The 2010 WikiLeaks release came during the adolescence of the online Arab public sphere, with an influential but relatively small number of activists on hand to engage with the leaks. Today’s online Arab public is far more developed, with a much greater proportion of Arab citizens online and active on platforms such as Twitter and Facebook. The Saudi leaks are almost custom-made for the online legion of politicized Arabs to mine, share and discuss, making it almost impossible for states to control the information flow. Satellite television and state-controlled domestic media outlets can ignore the documents, but that will not stop their circulation among millions of regular Internet users. The effect of government efforts to prevent Saudi citizens from circulating the documents will be a useful test case of the current balance of power between state and online society.

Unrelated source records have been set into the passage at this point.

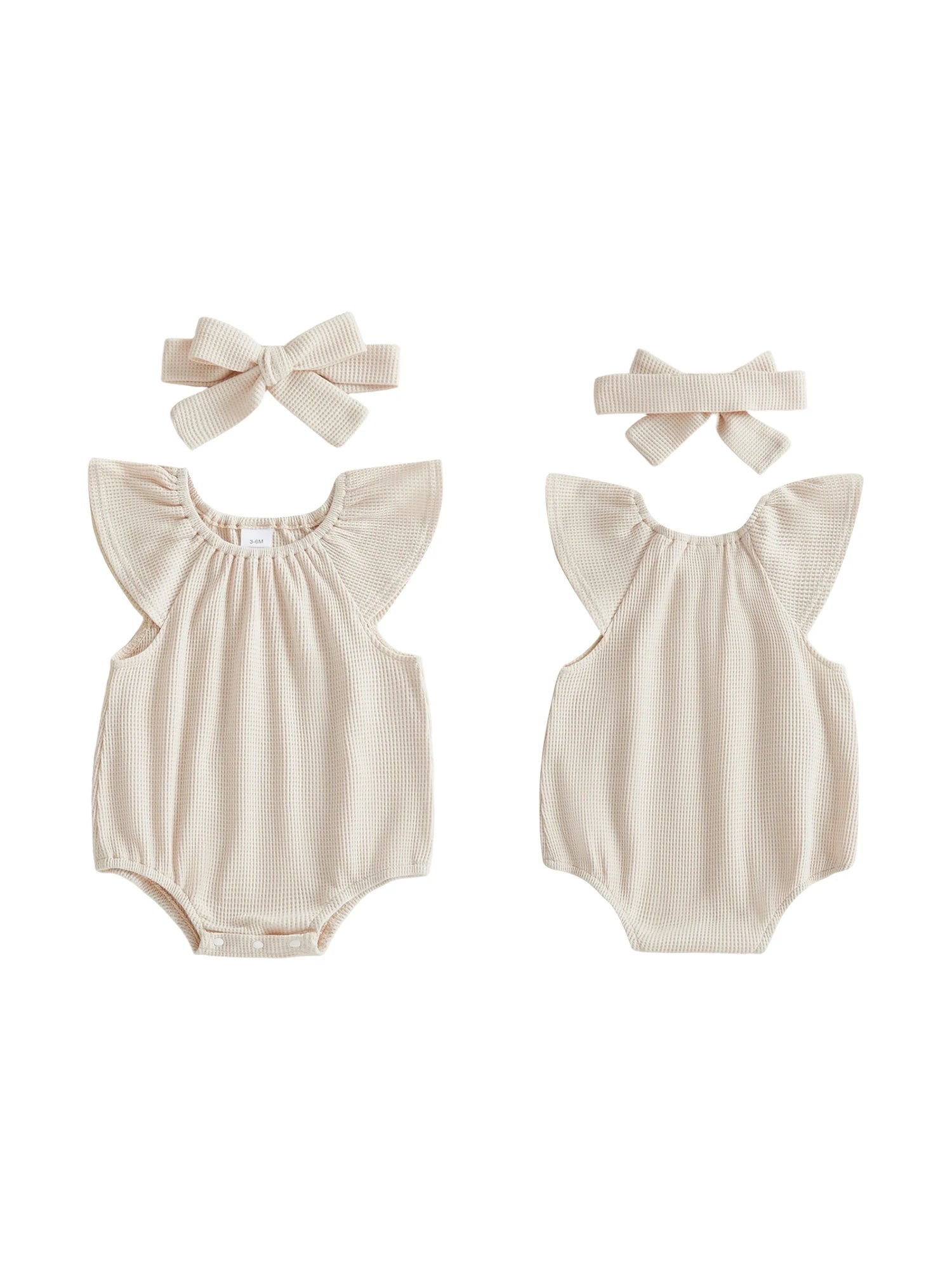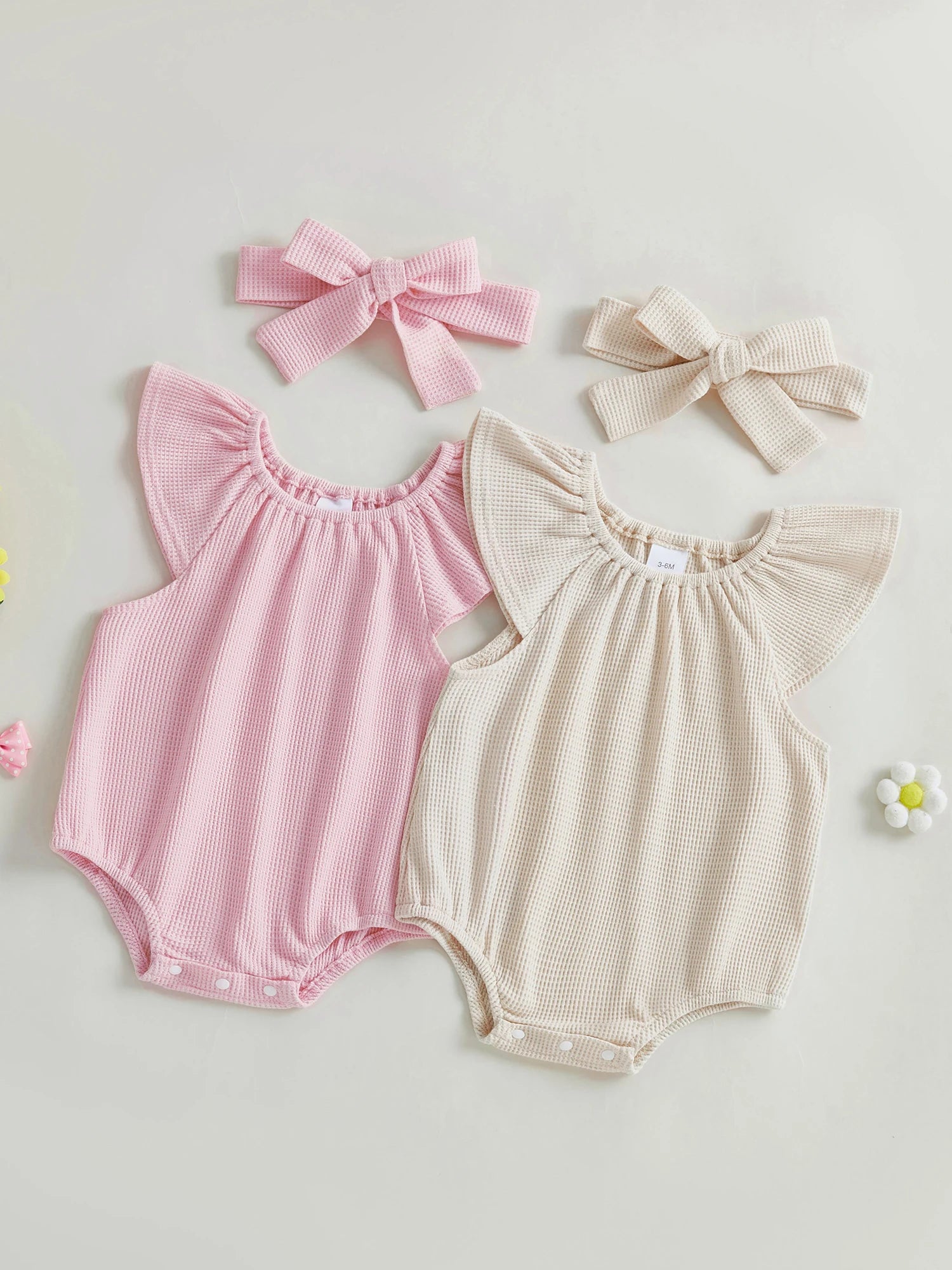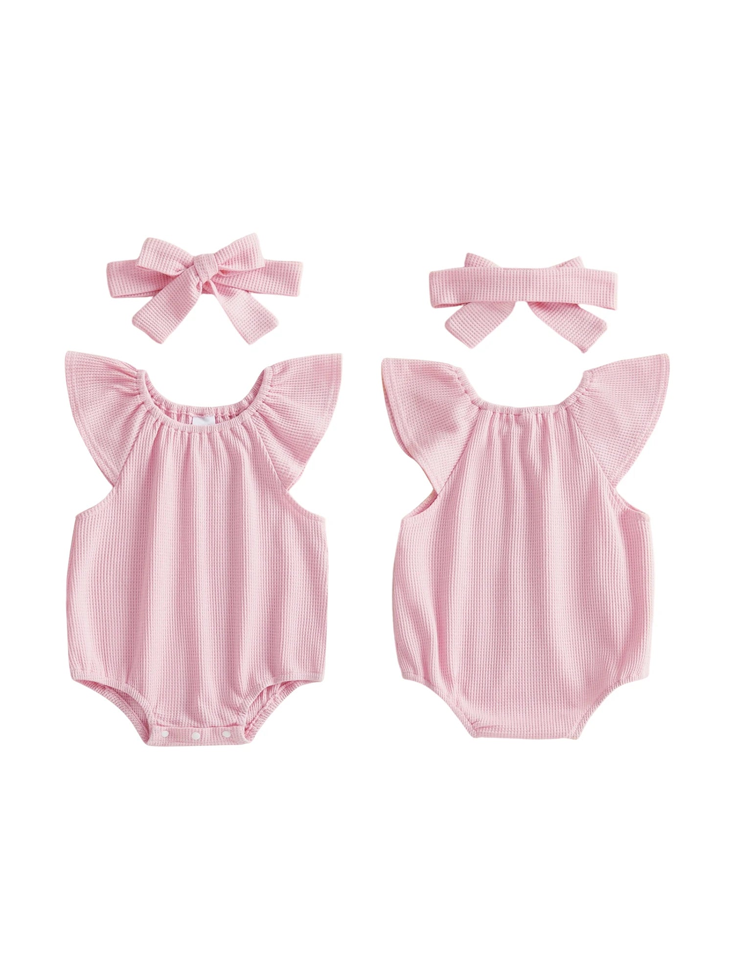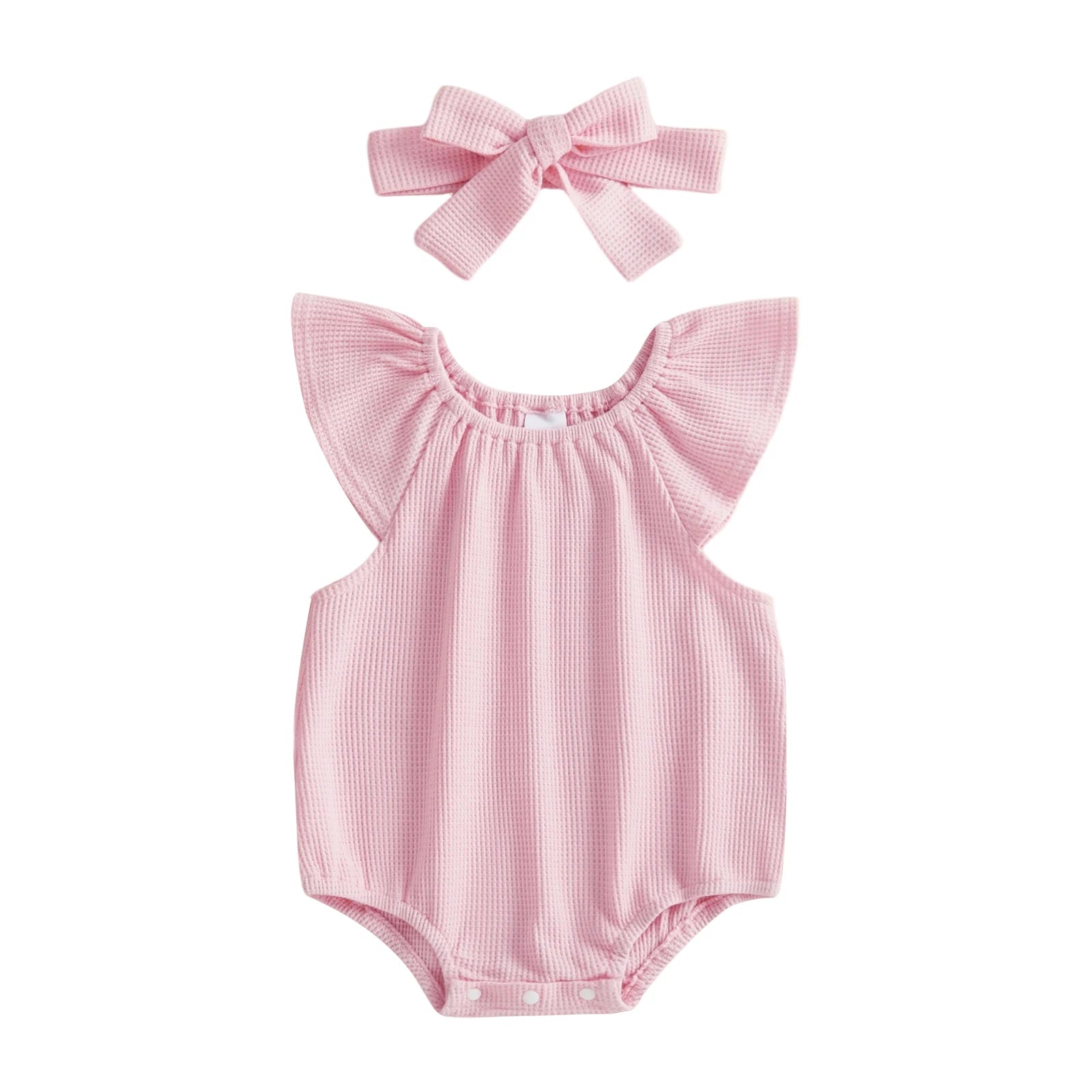 Baby Girl 2Pcs Spring Summer Waffle Romper Short Flying Sleeve O Neck Solid Color Romper with Headband Set
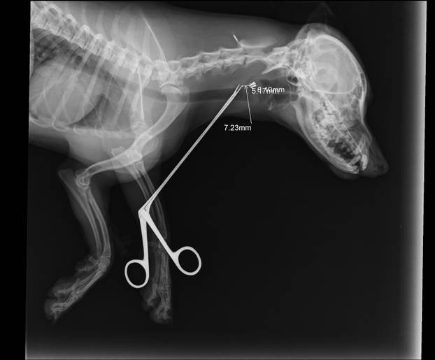 - Sinoć tijekom šetnje pas se trznuo, a kada su došli kući vidjeli su krv iz vrata. Bili su u stanici Pakrac i tamo su obradili ranu. Metak je veličine dijabole 6,10 - 5,16 mm. Metak je visoko gore i duboko kod kralješka. Zbog izazivanja većih lezija odustalo se od vađenja metka - stoji u nalazu kujice Lene.
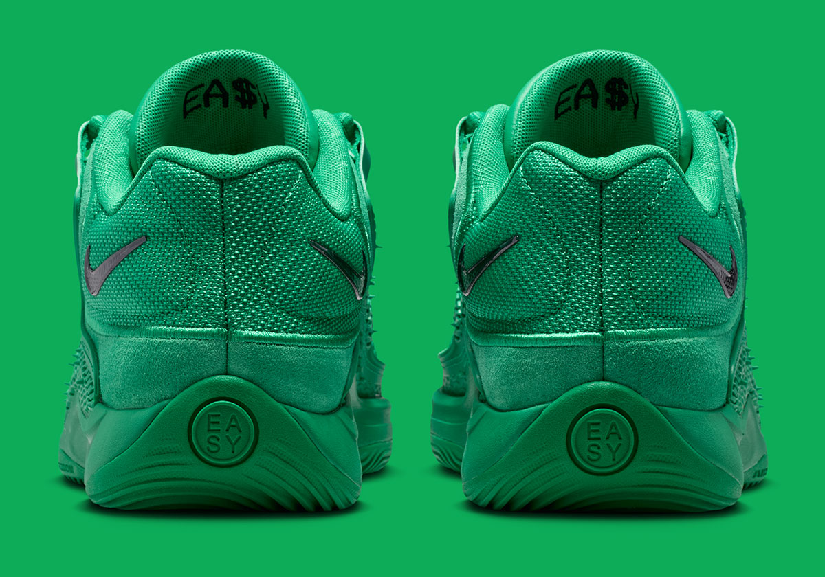 Кроссовки наполнены знаковыми деталями: глянцевый черный логотип Swoosh на пятке контрастирует с зеленым основанием, а вышивка «EASY» на внутреннем воротнике напоминает о хладнокровном стиле игры Дюранта. Модель поставляется в специальных черных коробках, что связывает её с коллекцией All-Star 2026 и выделяет среди стандартных релизов. Внутренняя отделка с мягким сетчатым язычком и анатомическим стельками довершает образ премиального продукта.

This is, however, no utopian suggestion that the information will flow freely through an emancipated public sphere. Quite the contrary: The new information is flowing through the highly polarized, partisan networks that now dominate both the online Arab public and mass media. Pro-Saudi and anti-Saudi online networks and media highlight entirely different documents. with partisans in each cluster selectively focusing on those documents and arguments that support their cause while playing down  others. The politics of the Saudi leaks is likely to reinforce rather than challenge the region’s toxic, repressive, fearful and unstable political environment.